In a landmark investigation, the bureau has concluded the Canadian Real Estate Association has anti-competitive rules and must change its ways, according to documents obtained by the Star.

Details of a settlement have yet to be decided, but the bureau’s findings are expected to have a profound impact on the real estate industry – by permitting more innovative discount brokers into the market while allowing sellers to list their properties less expensively on the Multiple Listing Service.

With a membership of more than 96,000, Ottawa-based CREA is the largest real estate organization in Canada and represents the majority of the nation’s realtors.

“The Bureau is concerned that CREA’s rules have restricted consumer choice and limited the scope of alternative business models,” says an internal memo by CREA president Dale Ripplinger. “Unfortunately, the Bureau seems to believe that CREA’s rules … create restrictions and barriers.”

The bureau launched its investigation in 2007. Consumers have complained in the past about high realty fees and the need for more affordable services. The vendor of an average-priced $400,000 home in Toronto can pay a commission of as much as 5 per cent, or $20,000.

“This is absolute, total vindication,” says Lawrence Dale, an owner of now-defunct Realtysellers, a Toronto-based discount broker that closed in 2006. “Once they’ve reached their settlement it means that the average guy on the street will be able to choose their real estate services and pay less for them.”

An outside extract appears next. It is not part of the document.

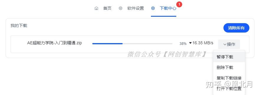 在下载中心中,能够看到文献的下载数目、下载进度,以及下载速率,操纵选项中,有停息下载、复制下载链交,关上下载地位几个选项。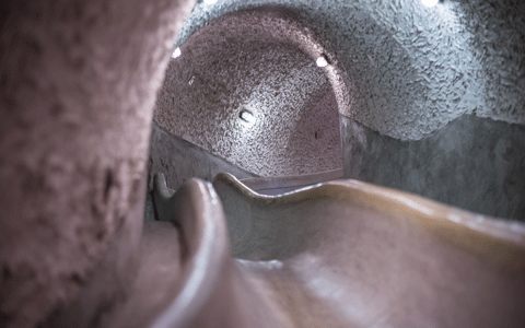 这条溜滑梯约一人宽,初滑时并不觉得速度很快,直到过了第一个弯道,速度加快。滑梯的尾部,高出地面十几公分,人滑到底部可以自然站立。再往前就是平坦的水泥地,深入往前走,则有一扇紧闭金属门,打开就是出口。据了解,如果乘坐溜滑梯,最快五分钟就可以离开圆山饭店。

CREA executives met with the bureau on Oct. 23 to hear the long-anticipated results, according to the letter. “At that meeting the Bureau set out the conclusions of their inquiry and their proposed remedy,” says Ripplinger. “The Bureau’s position is that if CREA does not remove these restrictions, the Commissioner of Competiton will initiate an application before the Competition Tribunal.”

Ripplinger says CREA decided not to go before the tribunal, which can administer penalties, but is pursuing a settlement.

According to Ripplinger, CREA rules the bureau wants changed include those that say the listing realtor must act as the agent of the seller and receive and present all offers to the seller, and property information cannot be posted on the Multiple Listing Service without an agent representing the seller.

Changes to these rules would mean offers could be sent directly to the seller without the involvement of the listing agent. Consumers could likely have their listings posted on the MLS for a small fee.

Dale and partner Stephen Moranis claim they were forced to shut down their company because of rules implemented in 2007 by the realtor’s association. Realtysellers offered services such as allowing consumers to post listings for a few hundred dollars on the MLS website, where more than 90 per cent of all home sales are made. The company is suing CREA and the Toronto Real Estate Board.

CREA owns the rights to the MLS.

In a separate lawsuit against TREB, Fraser Beach, another Toronto realtor, alleges the organization terminated his MLS access because he launched a discount brokerage service. A decision by Ontario Superior Court of Ontario Justice David Brown is expected soon.

TREB has argued it didn’t block his access to the MLS for competitive reasons, but simply because he did not follow membership rules.

Both CREA and TREB have denied all allegations. A Toronto Real Estate Board spokesperson says the board does not comment on ongoing legal matters. Officials of the Competition Bureau were not available for comment Sunday.

Although the real estate association has agreed to reach a settlement, Ripplinger stressed “CREA does not agree with the Bureau’s findings and conclusions, either as a matter of fact or as a matter of law.” The association has called an emergency meeting for all member boards in December to discuss rule changes demanded by the Bureau.